I love the fact that such a contemporary sentence can be translated into such an ancient language :-)
Calida Fornax • Hot Furnace • Latin
• khalipha • [ خلیف ] • steward [ خلیفه ] • khaliphia • female caliph • steward • Land of the Califa
Eboracum was a Roman city where present day York is situated in Britain. I'm not sure if "York" evolved from the roman name, but I can see where Duolingo got "Novum Eboracum" = New York, even if it is only a linguistic joke.
I can see where Duolingo got "Novum Eboracum" = New York, even if it is only a linguistic joke
In fact, the Seal of NYC has 'Novi Eboraci' on it, and has done since the 17th century. DL didn't make this term up!
Here is the original seal of the Province of New York, created in 1669 (or 1664—I find conflicting references), with 'Sigill Provine Novi Eborac[i]':
'Eboracum' is the Latinised version of the original, Brittonic name of the settlement meaning 'of the yews'. This became 'Eoforwic' in Old English, which the Norse (who occupied York for a considerable period) turned into 'Jórvík', which Middle English subsequently turned into 'York'.
Thank you! I know Eboracum and Jórvík, but not how they are related. Diolch yn fawr
No, but there are books about it from witnesses of the period and other derivable clues that suggest how it may have sounded. The Channel "Alliterative/The Endless Knot" on YouTube produced a good summary of that topic, if you're interested.
We may not know exactly what Latin sounded like, but it was almost certainly not like this. The speaker has an obvious English accent. For example, listen to the way she pronounces the E in Eboracum. It should be a monophthong, but she pronounces it like a diphthong. This is a common mistake English speakers make when speaking other languages, and it's highly unlikely that that is how the Romans pronounced it.

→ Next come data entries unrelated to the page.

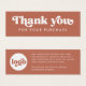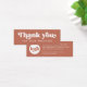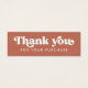 Thank you for your purchase mini insert card with the text "Thank you" in a retro style font. White (or custom colour) text on a terracotta brown background. Add your own logo on the back. You can change colours, move and resize elements with the design tool.
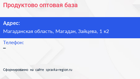 Продуктово-оптовая база по адресу Магаданская область, Магадан, Зайцева, 1 к2 в дальнейшем Организация, размещена в следующих категориях:
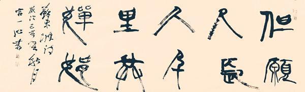 宫一心书法,重在用笔,用墨,其表现在笔力雄奇,气场圆通,其书厚重苍劲有力,大气,古朴,行气自然,宽厚圆融。
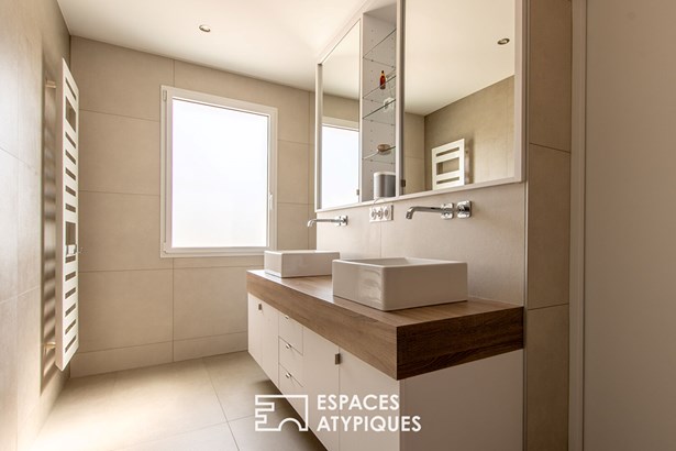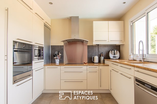 It is distinguished by a quality renovation with an original extension carried out by an architect. It offers all the necessary comfort and modernism inside, in a sober and elegant style.
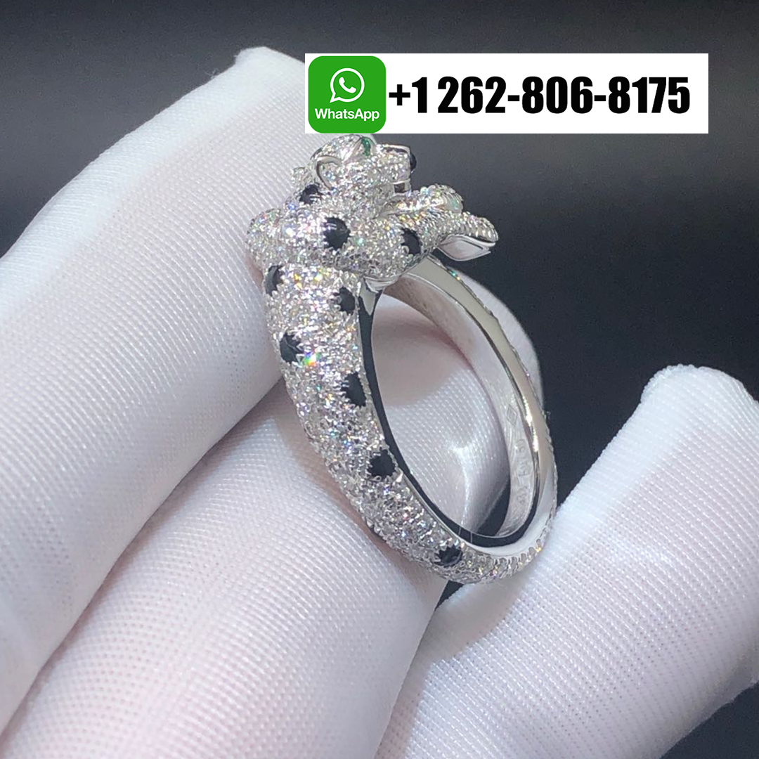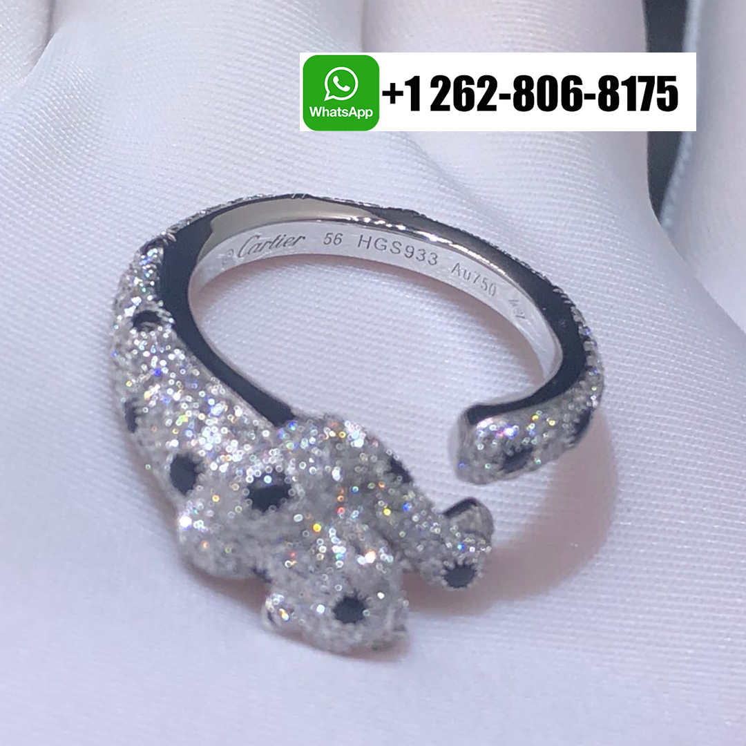 Cartier Panthere 18k White Gold Diamond Paved Onyx Panthere de Cartier Ring N4748900
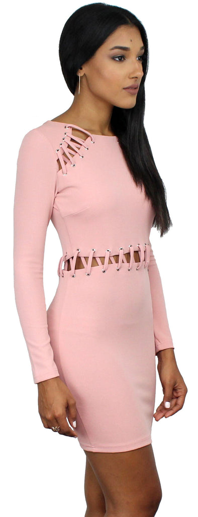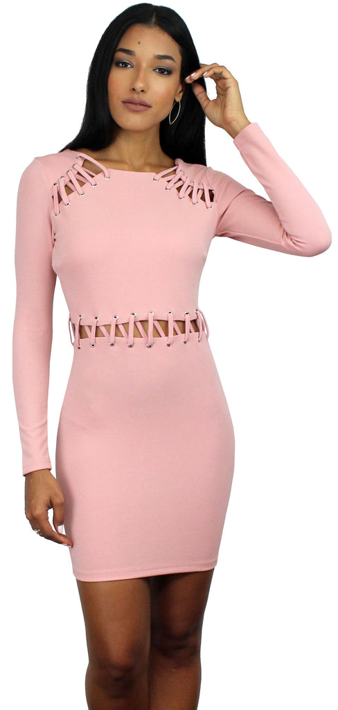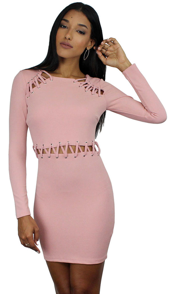 Gorgeous Long Sleeves Pink Bodycon Dress
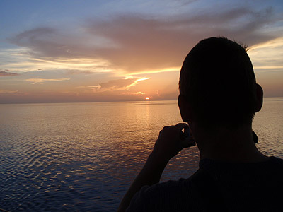 Ve čtvrt na osm jsme si nenechali ujít poslední západ Slunce. Naše loď se zrovna nacházela jižně od ostrova Key West, který jsme navštívili před týdnem.
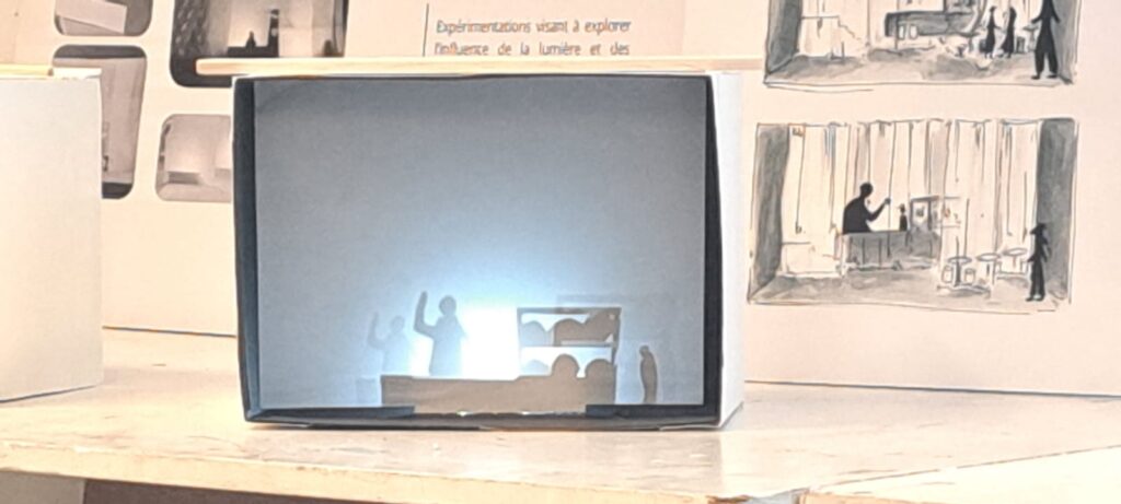 Une contrainte pédagogique forte : chaque groupe devait justifier un instant de la pièce par une scénographie précisément documentée, tout en ayant produit un storyboard couvrant l’intégralité du spectacle. Ce double enjeu, le détail du moment et la cohérence de l’ensemble, pousse à penser la scénographie comme narration visuelle continue, et non comme un simple décor.
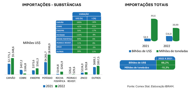 Quanto às importações de minérios, que caíram 10,3% em toneladas, corresponderam a cerca de 40 milhões de toneladas e exigiram dispêndio em dólar 88% superior, totalizando US$ 16,8 bilhões, em 2022. Coube ao potássio o primeiro posto nas importações minerais (53%), seguido pelo carvão (33%).
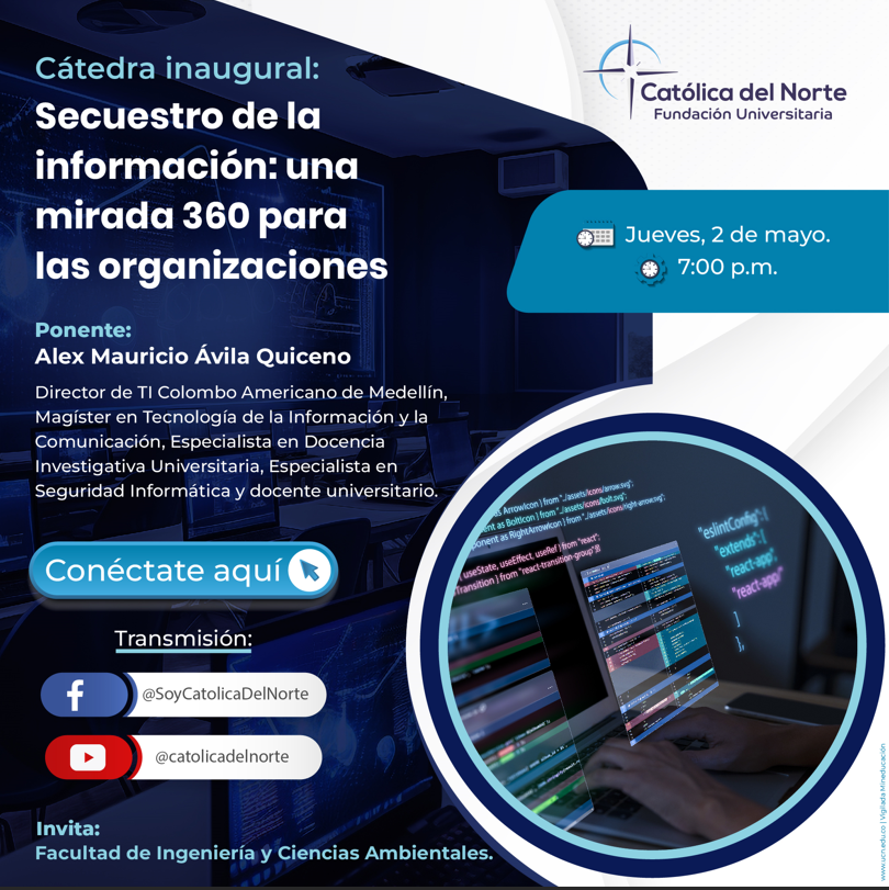 CÁTEDRA INAUGURAL AL SEGUNDO BLOQUE ACADÉMICOPara dar apertura al segundo bloque académico de este semestre, la Facultad ofreció para todos los estudiantes la ponencia: «Secuestro de la información: una mirada 360 desde las organizaciones», una charla que aborda cómo las empresas pueden prevenir, detectar y mitigar los efectos del ransomware y otras amenazas de ciberseguridad, analizando tanto los aspectos técnicos como las estrategias de gestión y respuesta. Esta cátedra se llevó a acabo el 2 de mayo y estuvo orientada por Alex Mauricio Ávila Quiceno, Director de TI del Colombo Americano de Medellin, Magister en Tecnologías de la Información y la Comunicación, especialista en Docencia Investigativa Universitaria, Especialista en Seguridad Informática y Docente universitario. | ![]() |
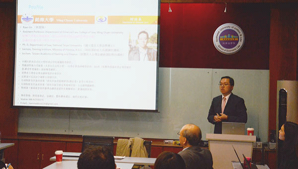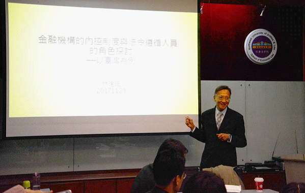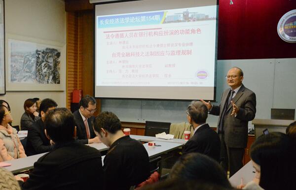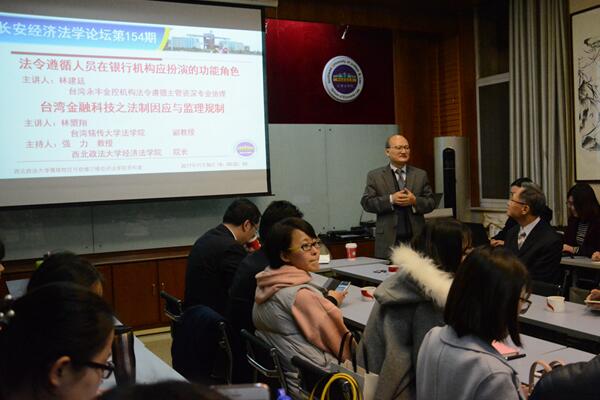 2017年11月30日晚,《长安经济法学论坛一百五十四期》在新葡的京集团35222vip雁塔校区行政楼三楼新葡的京集团35222vip资料室举行。本次论坛邀请台湾永丰金控总机构法令遵循主管资深专业协理林建廷先生主讲《法令遵循人员在银行机构应扮演的功能角色——以台湾为例》、台湾铭传大学法学院林盟翔副教授主讲《台湾金融科技之法治因应与监理规制》。新葡的京集团35222vip傅瑜副教授、王莹莹副教授以及新葡的京研究生共计50余人参加本次论坛。论坛由新葡的京集团35222vip院长强力教授主持。
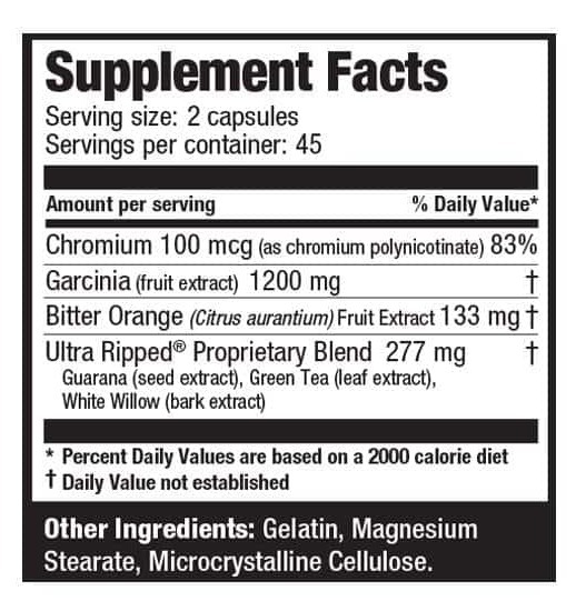 Ultimate Nutrition Ultra Ripper — это мощный термогенный жиросжигатель, разработанный для активного сжигания жира, повышения энергии и подавления аппетита. Формула сочетает высокие дозы кофеина, экстракт гуараны, зелёного чая, горького апельсина (синефрин), гарцинии камбоджийской и коры белой ивы, что обеспечивает комплексное воздействие на метаболизм. Препарат стимулирует термогенез, увеличивает расход калорий, подавляет чувство голода и способствует высвобождению жирных кислот из жировых клеток для их последующего сжигания.
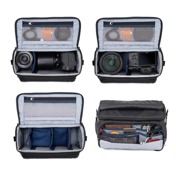 ミラーレスカメラの持ち運びに適している小型のバッグで、荷物や機材の量、またお好みに合わせて 5 つのサイズと 4 つのカラーからお選びいただけます。
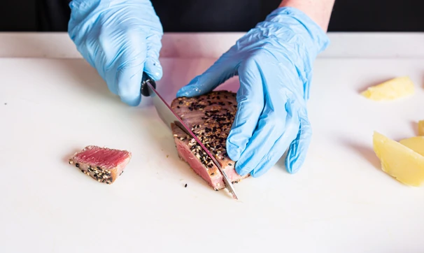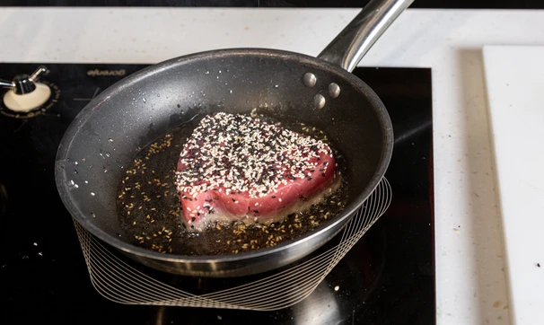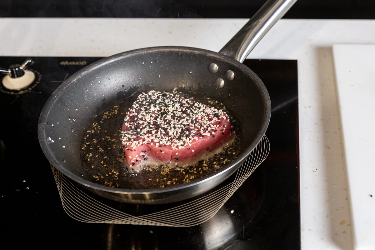 На сковороде-гриль с растительным маслом обжаривайте тунец по 3 минуты с каждой стороны.

Can someone explain why the declensions arent switched? Its been a long time since i saw this stuff in highschool.
in when describing a location uses the ablative case. The ablative case of nouns ending in -a ends in -ā, and Duolingo does not show vowel length in writing.
Is California being declined as a Latin word though? It doesn't sound to me like she's saying Californiā with the expected ablative ending.
Ugh.. the pronunciation again.. "Eboracum" is pronounced almost as if it was "Ebra-cum" - ignoring the "o" and on top of that stressing the last syllable, which shouldn't be. "California" straight up uses an English pronunciation.. :/
you can just imagine Brutus replying - "well hey, i didn't know that!!"
I'm very pleased to see the Duolingo course includes reconstructed Latin, so we can learn it as a living language!
Charlie, this is actually a very good question, but at the same time, I bet you do it all the time, too. Do you say Roma, Köln, Lisboa, Baile Atha Cliath, Hēung Góng?